There are ways, to “take steps to repair it and move forward” [1] without revisiting the same issues over and over again, and that’s progress, partly accepting what can and cannot be accomplished with your understanding alone. Asking for help isn’t always easy, sometimes we would rather overcome feelings on our own not involve others, it seems to be no one fault in times of difficulty. Keep in mind, “When you shift your goal from achieving a middle ground to convince the other person that you are right and things should be as you say, you have already lost, whether you win the argument or not.” [2]

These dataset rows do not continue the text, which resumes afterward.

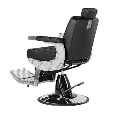 В комфортабельном кресле учтены все нюансы, которые помогут клиенту расслабиться, а мастеру комфортно работать. Благодаря удобному подголовнику клиент сможет откинуть голову во время бритья опасной бритвой. Для рук есть широкие подлокотники. Чтобы ноги клиента не находились в напряженном состоянии в кресле предусмотрена широкая подножка.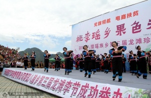 本届龙滩珍珠李节以“创品牌、富农民、助脱贫”为活动主题,以“桃李瑶乡、果色天香”为活动口号,由八腊瑶族乡富万家桃李专业合作社和山垌场核桃专业合作社协办。在开幕式上,天峨县金桂元食品有限公司作为经销商代表发言,柏宁农业(李妃)电商代表电商企业,与龙滩珍珠李龙头企业、合作社代表互签销售协议,让好李“借电”进城,远销区内外。随后,当地群众演员上台表演了原汁原味的民族歌舞节目。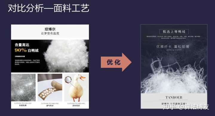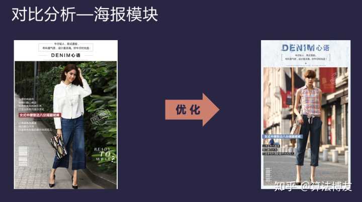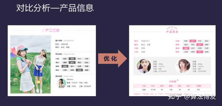 以上模块排布顺序需要根据目标客户、商品风格和店铺定位综合确定,这里不再赘述。需要注意的是,单一模块的设计排版也有很多学问,下面展示一组模块优化前后的视觉对比分析: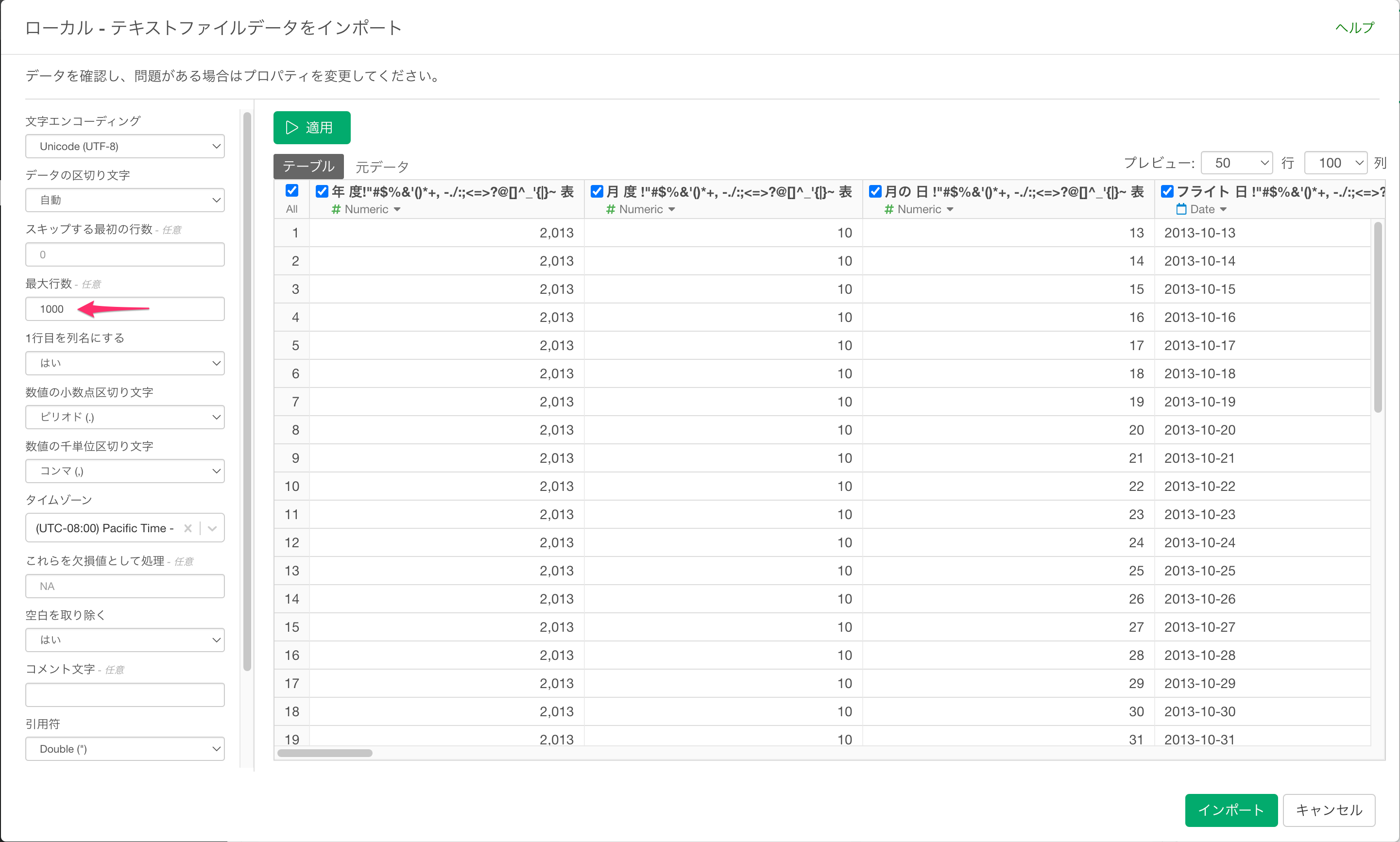 このフィールドはオプションです。空のまま保存するとこれまでと同様に全行がインポートされます。行数を制限する場合は、1000

I’m sure we are all thinking, what could we be doing better, how can our happiness and teamwork translate toward better prevention efforts, how can our contributions toward the wellness of others ensure the success of all, why still do some falter, how could a society otherwise function if not by good deeds. What will make people feel better? From a young age we are conditioned not to fight, we are trained behaviorally to get along with those around us and to be accepting of others, not to say anything hurtful that if we have nothing nice to say not to say it at all. So what’s fighting the good fight? [3] To me it means constantly working toward a better union with others to which both sides are understood and at peace with one another or their differences in belief to one another, we can’t all be the same, think alike, feel the same worries, or be forgiving of the same circumstances, but we can build more respect for one another’s boundaries in life, where one another need not be affected by one another’s beliefs.

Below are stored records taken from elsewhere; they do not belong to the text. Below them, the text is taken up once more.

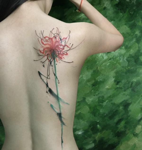 长发女生后背漂亮的彼岸花纹身图案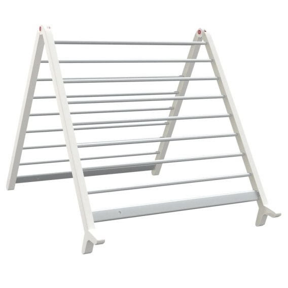 - Regulacja: suszarkę można położyć na płasko na wannie, aby wysuszyć delikatne ubrania, albo oprzeć o ścianę i wykorzystać jako suszarkę stojącą.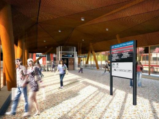 … and a view from yesterday of construction trailers and hoarding on the site of what will become the entrance plaza depicted above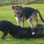 Heute der Tag war dann wieder ganz anders, wir sind alle zusammen gegen Mittag mit dem Auto los gefahren. Allerdings hat mir keiner gesagt wo es hin geht. Als ich dann aus dem Auto aussteigen durfte hörte ich ein bellen ………….. das kam mir auch gleich bekannt vor. Klar das ist doch Hexe. Juhuuuuuuuuuuu das ist ja toll und nach dem Frauchen mich dann los gemacht hatte bin ich erst mal mit Hexe ins Haus gerannt und hab mich genau umgeschaut.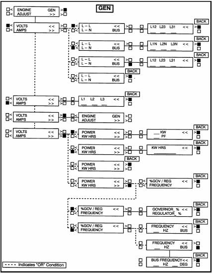 >”旁的按鍵將進到調速器/調壓器/頻率(%GOV/REG/FREQUENCY)子功能。選擇%GOV/REG(調速器/調壓器)以最大值的百分數顯示調壓器和調速器的調節開度;選擇FREQUENCY(頻率)顯示發電機的輸出頻率、母排頻率或系統的同步信息。在顯示調壓器/調速器或頻率參數的狀態下,按“<<”旁的按鍵顯示屏將回到(“BACK”)調速器/調壓器/頻率(%GOV/REG/FREQUENCY)子功能。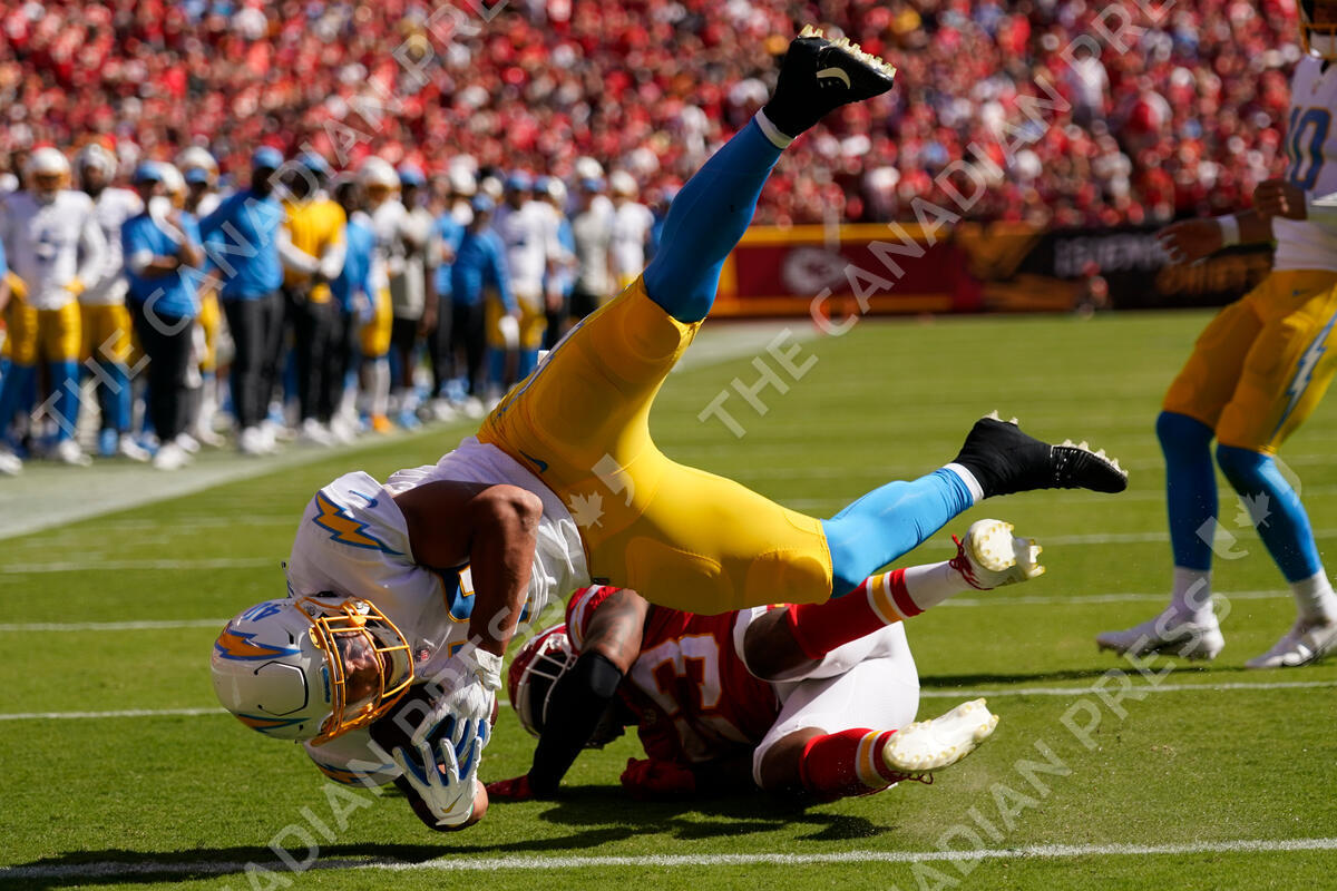 Los Angeles Chargers' Gabe Nabers (40) is tackled by Kansas City Chiefs' Anthony Hitchens during the second half of an NFL football game, Sunday, Sept. 26, 2021, in Kansas City, Mo. The play was called back due to a penalty (AP Photo/Charlie Riedel)

In order to win over respect from those who hold differing beliefs from you, is to be devout to your own understandings in life, and true to your instincts, more often than not, right about your senses, and proving that there is a sense of peace achieved once your feelings are validated, for your way of life to be acknowledged as normal too. What is wholesome? We are all raised differently, online the times call for more versatility and fortunately this way of exposure is still considered wholesome though doubted in the past as attracting positive attentions, today it doesn’t matter how short our shorts are or tight our t-shirts are or what our voice octave is, and that’s humbling especially for women just trying to be themselves, without doubt. It’s easy to condemn what you compare to others as falling to a standard set too high that leaves more out from feeling good about themselves than inspires one to improve and assimilate.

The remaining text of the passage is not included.